**** SOURCE DATA ****

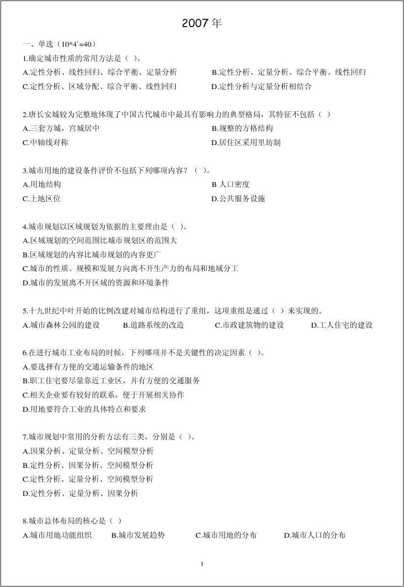 专业课考研资料 本站小编 免费考研网 2015-03-10一、名词解释 (310) 1.建设规划许可证 2.城市防洪标准 3.历史城区 4.城市救灾生命线系统 5.大容量快速交通 6.华盛顿宪章 7.规划区
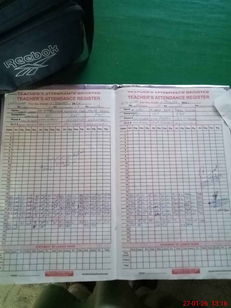| Name: GH**** SH**** Designation: (School Headmaster's/Headmistress's) PST Phone/Cell Number: 03**** |
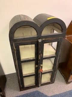 Vintage Cabinet with Glass Shelves - Unique Double Barrel Top - Painted Black - Approx. 24 x 12 x 44in with brass lion pulls
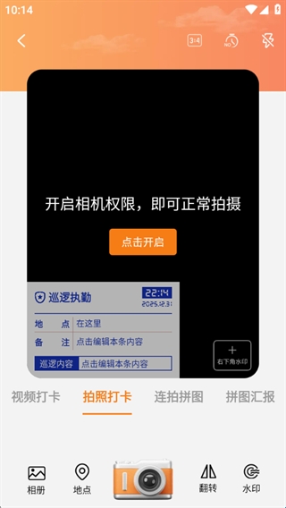 软件提供了强大的水印相机,方便用户进行拍照打开,更好的进行水印打卡记录。
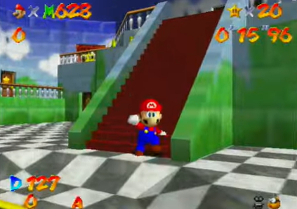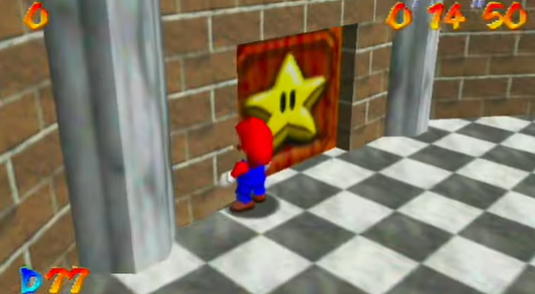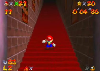 在多数《超级马里奥64》速通路线中,玩家都需要运用名为"反向长跳"的技巧:通过在斜坡反复跳跃积累近乎无限的速度,用以突破需要特定星星数量的门禁。尤其在"1星速通"这类极限挑战中,玩家必须借助"侧向反向长跳"突破城堡地下室的30星之门——蒙眼速通传奇Bubzia坦言这是"全游戏最难技巧",其精度要求之高甚至让顶尖玩家都难以稳定发挥,对新手更成为难以逾越的屏障。
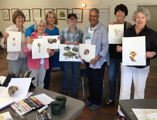 This October 19 – 21, 2016, Sasha came to teach a workshop about painting mushrooms for BAGSC artists. Held at the Los Angeles County Arboretum and Botanic Garden in Arcadia, California, Sasha brought with him a wealth of knowledge on his speciality. His technique is largely wet on wet. He reiterated often that we should get ready to put the paint on the paper, then STOP and think about where we will place the paint before proceeding.
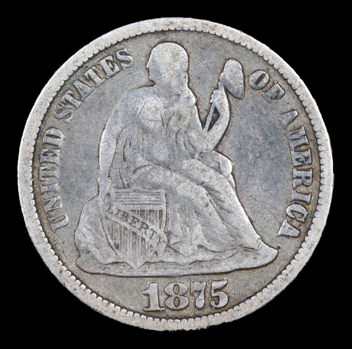 1875-p Seated Liberty Dime 10c Grades vf++.
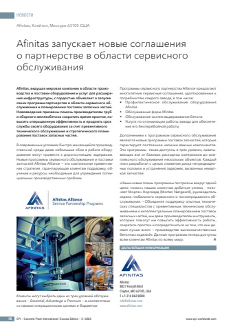 %u041d%u041e%u0412%u041e%u0421%u0422%u041816 CPI %u2013 Concrete Plant International | Eurasia Edition %u2013 5 | 2025 www.cpi-worldwide.comAfinitas, %u0432%u0435%u0434%u0443%u0449%u0430%u044f %u043c%u0438%u0440%u043e%u0432%u0430%u044f %u043a%u043e%u043c%u043f%u0430%u043d%u0438%u044f %u0432 %u043e%u0431%u043b%u0430%u0441%u0442%u0438 %u043f%u0440%u043e%u0438%u0437%u0432%u043e%u0434%u0441%u0442%u0432%u0430 %u0438 %u043f%u043e%u0441%u0442%u0430%u0432%u043a%u0438 %u043e%u0431%u043e%u0440%u0443%u0434%u043e%u0432%u0430%u043d%u0438%u044f %u0438 %u0443%u0441%u043b%u0443%u0433 %u0434%u043b%u044f %u0440%u0430%u0441%u0448%u0438%u0440%u0435%u043d%u0438%u044f %u0438%u043d%u0444%u0440%u0430%u0441%u0442%u0440%u0443%u043a%u0442%u0443%u0440%u044b, %u0441 %u0433%u043e%u0440%u0434%u043e%u0441%u0442%u044c%u044e %u043e%u0431%u044a%u044f%u0432%u043b%u044f%u0435%u0442 %u043e %u0437%u0430%u043f%u0443%u0441%u043a%u0435 %u0441%u0432%u043e%u0438%u0445 %u043f%u0440%u043e%u0433%u0440%u0430%u043c%u043c %u043f%u0430%u0440%u0442%u043d%u0435%u0440%u0441%u0442%u0432%u0430 %u0432 %u043e%u0431%u043b%u0430%u0441%u0442%u0438 %u0441%u0435%u0440%u0432%u0438%u0441%u043d%u043e%u0433%u043e %u043e%u0431%u0441%u043b%u0443%u0436%u0438%u0432%u0430%u043d%u0438%u044f %u0438 %u043f%u043b%u0430%u043d%u0438%u0440%u043e%u0432%u0430%u043d%u0438%u044f %u043f%u043e%u0441%u0442%u0430%u0432%u043e%u043a %u0437%u0430%u043f%u0430%u0441%u043d%u044b%u0445 %u0447%u0430%u0441%u0442%u0435%u0439. %u041d%u043e%u0432%u043e%u0432%u0432%u0435%u0434%u0435%u043d%u0438%u044f %u043f%u0440%u0438%u0437%u0432%u0430%u043d%u044b %u043f%u043e%u043c%u043e%u0447%u044c %u043f%u0440%u043e%u0438%u0437%u0432%u043e%u0434%u0438%u0442%u0435%u043b%u044f%u043c %u0442%u0440%u0443%u0431 %u0438 %u0441%u0431%u043e%u0440%u043d%u043e%u0433%u043e %u0436%u0435%u043b%u0435%u0437%u043e%u0431%u0435%u0442%u043e%u043d%u0430 %u0441%u043e%u043a%u0440%u0430%u0442%u0438%u0442%u044c %u0432%u0440%u0435%u043c%u044f %u043f%u0440%u043e%u0441%u0442%u043e%u044f, %u043f%u043e%u0432%u044b%u0441%u0438%u0442%u044c %u043e%u043f%u0435%u0440%u0430%u0446%u0438%u043e%u043d%u043d%u0443%u044e %u044d%u0444%u0444%u0435%u043a%u0442%u0438%u0432%u043d%u043e%u0441%u0442%u044c %u0438 %u043f%u0440%u043e%u0434%u043b%u0438%u0442%u044c %u0441%u0440%u043e%u043a %u0441%u043b%u0443%u0436%u0431%u044b %u0441%u0432%u043e%u0435%u0433%u043e %u043e%u0431%u043e%u0440%u0443%u0434%u043e%u0432%u0430%u043d%u0438%u044f %u0437%u0430 %u0441%u0447%u0435%u0442 %u043f%u0440%u0435%u0432%u0435%u043d%u0442%u0438%u0432%u043d%u043e%u0433%u043e %u0442%u0435%u0445%u043d%u0438%u0447%u0435%u0441%u043a%u043e%u0433%u043e %u043e%u0431%u0441%u043b%u0443%u0436%u0438%u0432%u0430%u043d%u0438%u044f %u0438 %u0441%u0442%u0440%u0430%u0442%u0435%u0433%u0438%u0447%u0435%u0441%u043a%u043e%u0433%u043e %u043f%u043b%u0430%u043d%u0438%u0440%u043e%u0432%u0430%u043d%u0438%u044f %u043f%u043e%u0441%u0442%u0430%u0432%u043e%u043a %u0437%u0430%u043f%u0430%u0441%u043d%u044b%u0445 %u0447%u0430%u0441%u0442%u0435%u0439.%u0412 %u0441%u043e%u0432%u0440%u0435%u043c%u0435%u043d%u043d%u044b%u0445 %u0443%u0441%u043b%u043e%u0432%u0438%u044f%u0445 %u0431%u044b%u0441%u0442%u0440%u043e %u043c%u0435%u043d%u044f%u044e%u0449%u0435%u0439%u0441%u044f %u043f%u0440%u043e%u0438%u0437%u0432%u043e%u0434%u0441%u0442%u0432%u0435%u043d%u043d%u043e%u0439 %u0441%u0440%u0435%u0434%u044b %u0434%u0430%u0436%u0435 %u043d%u0435%u0431%u043e%u043b%u044c%u0448%u0438%u0435 %u0441%u0431%u043e%u0438 %u0432 %u0440%u0430%u0431%u043e%u0442%u0435 %u043e%u0431%u043e%u0440%u0443%u0434%u043e%u0432%u0430%u043d%u0438%u044f %u043c%u043e%u0433%u0443%u0442 %u043f%u0440%u0438%u0432%u0435%u0441%u0442%u0438 %u043a %u0434%u043e%u0440%u043e%u0433%u043e%u0441%u0442%u043e%u044f%u0449%u0438%u043c %u0437%u0430%u0434%u0435%u0440%u0436%u043a%u0430%u043c. %u041d%u043e%u0432%u044b%u0435 %u043f%u0440%u043e%u0433%u0440%u0430%u043c%u043c%u044b %u0441%u0435%u0440%u0432%u0438%u0441%u043d%u043e%u0433%u043e %u043e%u0431%u0441%u043b%u0443%u0436%u0438%u0432%u0430%u043d%u0438%u044f %u0438 %u043f%u043e%u0441%u0442%u0430%u0432%u043a%u0438 %u0437%u0430%u043f%u0447%u0430%u0441%u0442%u0435%u0439 Afinitas Alliance %u2212 %u044d%u0442%u043e %u043a%u043e%u043c%u043f%u043b%u0435%u043a%u0441%u043d%u0430%u044f %u043f%u0440%u0435%u0432%u0435%u043d%u0442%u0438%u0432%u043d%u0430%u044f %u0441%u0442%u0440%u0430%u0442%u0435%u0433%u0438%u044f, %u0433%u0430%u0440%u0430%u043d%u0442%u0438%u0440%u0443%u044e%u0449%u0430%u044f %u043a%u043b%u0438%u0435%u043d%u0442%u0430%u043c %u043f%u043e%u0434%u0434%u0435%u0440%u0436%u043a%u0443, %u043e%u0431%u0443%u0447%u0435%u043d%u0438%u0435 %u0438 %u0440%u0435%u0441%u0443%u0440%u0441%u044b, %u043d%u0435%u043e%u0431%u0445%u043e%u0434%u0438%u043c%u044b%u0435 %u0434%u043b%u044f %u0443%u043f%u0440%u0435%u0436%u0434%u0435%u043d%u0438%u044f %u043f%u043e%u0442%u0435%u043d%u0446%u0438%u0430%u043b%u044c%u043d%u044b%u0445 %u043f%u0440%u043e%u0438%u0437%u0432%u043e%u0434%u0441%u0442%u0432%u0435%u043d%u043d%u044b%u0445 %u043f%u0440%u043e%u0431%u043b%u0435%u043c.%u041f%u0440%u043e%u0433%u0440%u0430%u043c%u043c%u044b %u0441%u0435%u0440%u0432%u0438%u0441%u043d%u043e%u0433%u043e %u043f%u0430%u0440%u0442%u043d%u0435%u0440%u0441%u0442%u0432%u0430 Alliance %u043f%u0440%u0435%u0434%u043b%u0430%u0433%u0430%u044e%u0442 %u043c%u043d%u043e%u0433%u043e%u043b%u0435%u0442%u043d%u0438%u0435 %u0441%u0435%u0440%u0432%u0438%u0441%u043d%u044b%u0435 %u0441%u043e%u0433%u043b%u0430%u0448%u0435%u043d%u0438%u044f, %u0430%u0434%u0430%u043f%u0442%u0438%u0440%u043e%u0432%u0430%u043d%u043d%u044b%u0435 %u043a %u043f%u043e%u0442%u0440%u0435%u0431%u043d%u043e%u0441%u0442%u044f%u043c %u043a%u0430%u0436%u0434%u043e%u0433%u043e %u0437%u0430%u0432%u043e%u0434%u0430, %u0432 %u0442%u043e%u043c %u0447%u0438%u0441%u043b%u0435:%u2022 %u041f%u0440%u043e%u0444%u0438%u043b%u0430%u043a%u0442%u0438%u0447%u0435%u0441%u043a%u043e%u0435 %u043e%u0431%u0441%u043b%u0443%u0436%u0438%u0432%u0430%u043d%u0438%u0435 %u043e%u0431%u043e%u0440%u0443%u0434%u043e%u0432%u0430%u043d%u0438%u044f Afinitas%u2022 
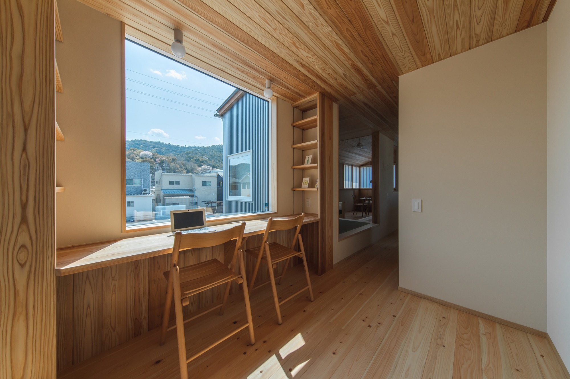 日中、素通しのガラスのままで過ごせる2階リビングは、遠くの山々を見渡せ快適な暮らしをもたらしてくれました。近くにあるマンションの上階は室内が分かるほどの距離ではなく、コの字の小さな庭に植えたシンボルツリーのアオダモが、2階に届くほど大きくなれば、窓から見える景色はより素敵なものなります。
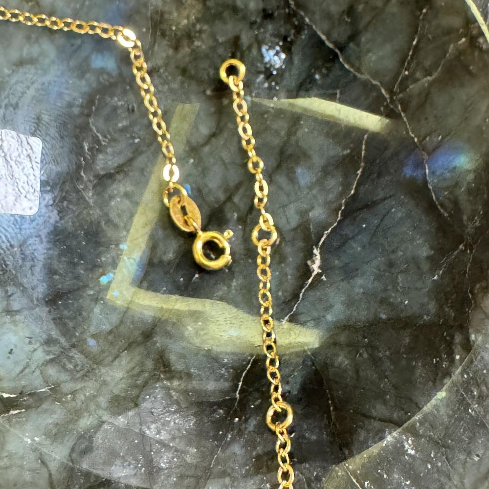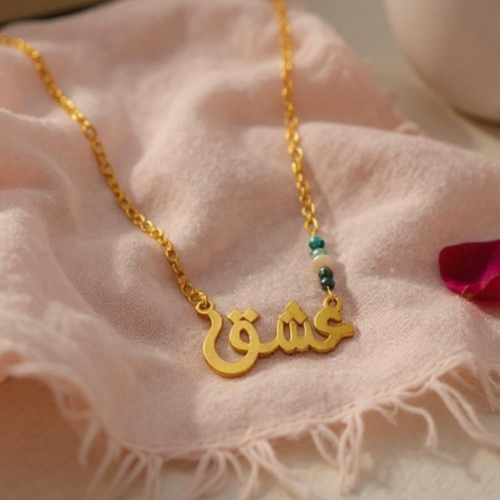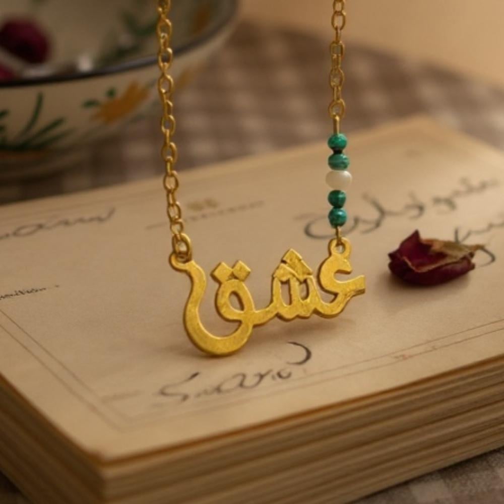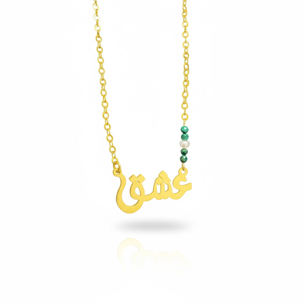 أضف لمسة من الأناقة والتميز مع هذه القلادة المصنوعة من الفضة 925 والمطلية بالذهب، والمزينة بكلمة "عشق" تتألق بحجر الملكايت الطبيعي الغني بدرجاته الخضراء وحبة لؤلؤ طبيعية تضيف لمسة من النقاء والرقي.
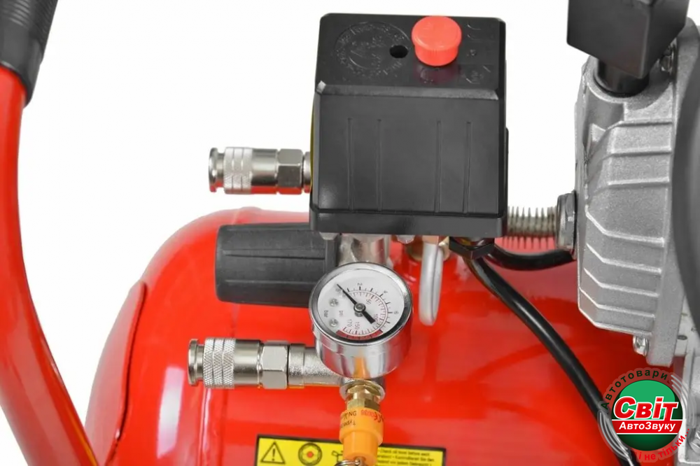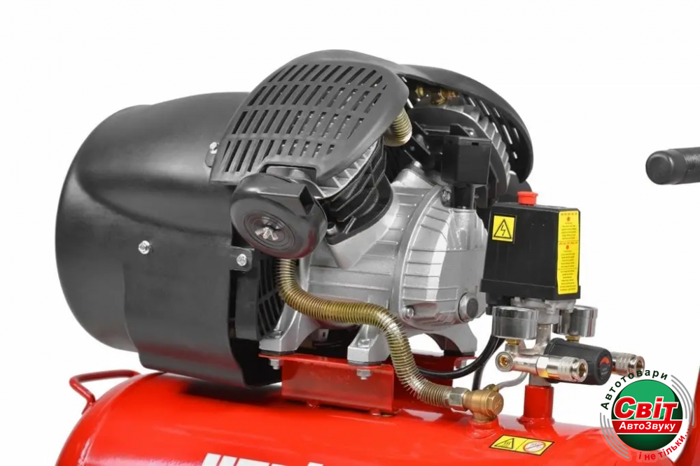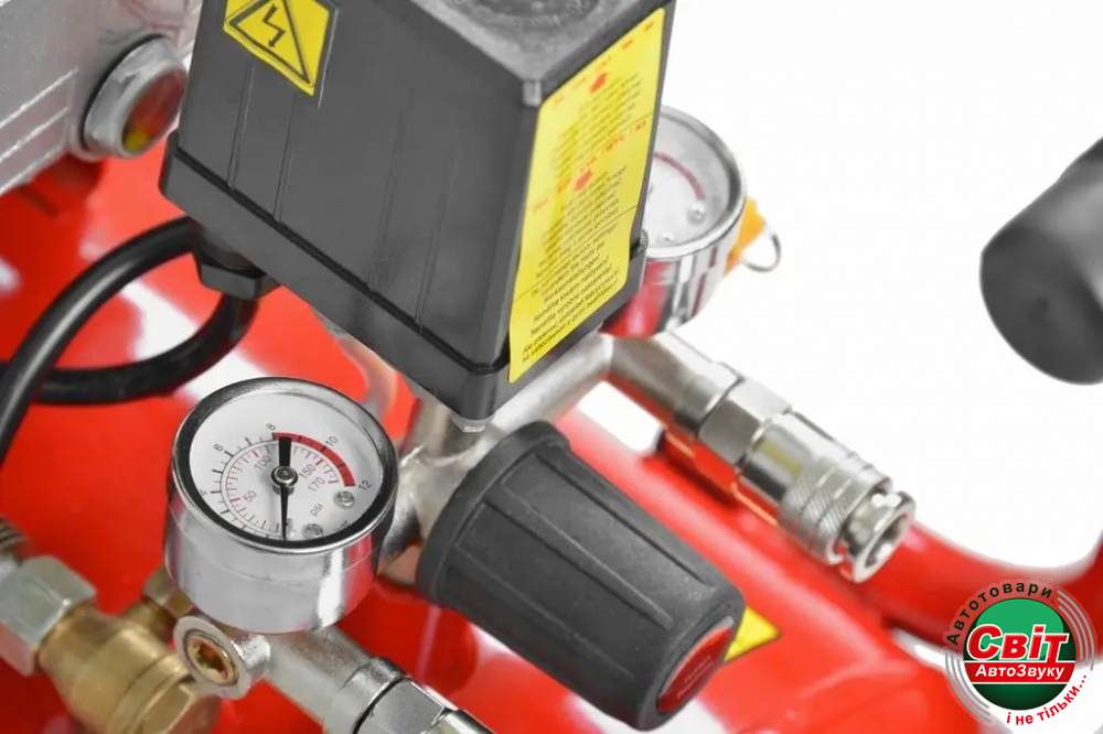 Двигун обладнаний регульованим клапаном з манометрами, що показують значення тиску. Щоб продовжити термін служби компресора, його оснастили поршнем з масляним охолодженням і спеціальним клапаном, який використовується для видалення води, що накопичується всередині бака, що захищає його від корозії.

****

DIRECTIONS:
In the data above, retype only the stretch from the line with "在多数《超级马里奥64》速通" through the line with "1875-p Seated Liberty Dime 10c Grades vf++.", word for word, and skip any pictures.

RESPONSE TO THE TASK:
 在多数《超级马里奥64》速通路线中,玩家都需要运用名为"反向长跳"的技巧:通过在斜坡反复跳跃积累近乎无限的速度,用以突破需要特定星星数量的门禁。尤其在"1星速通"这类极限挑战中,玩家必须借助"侧向反向长跳"突破城堡地下室的30星之门——蒙眼速通传奇Bubzia坦言这是"全游戏最难技巧",其精度要求之高甚至让顶尖玩家都难以稳定发挥,对新手更成为难以逾越的屏障。
 This October 19 – 21, 2016, Sasha came to teach a workshop about painting mushrooms for BAGSC artists. Held at the Los Angeles County Arboretum and Botanic Garden in Arcadia, California, Sasha brought with him a wealth of knowledge on his speciality. His technique is largely wet on wet. He reiterated often that we should get ready to put the paint on the paper, then STOP and think about where we will place the paint before proceeding.
 1875-p Seated Liberty Dime 10c Grades vf++.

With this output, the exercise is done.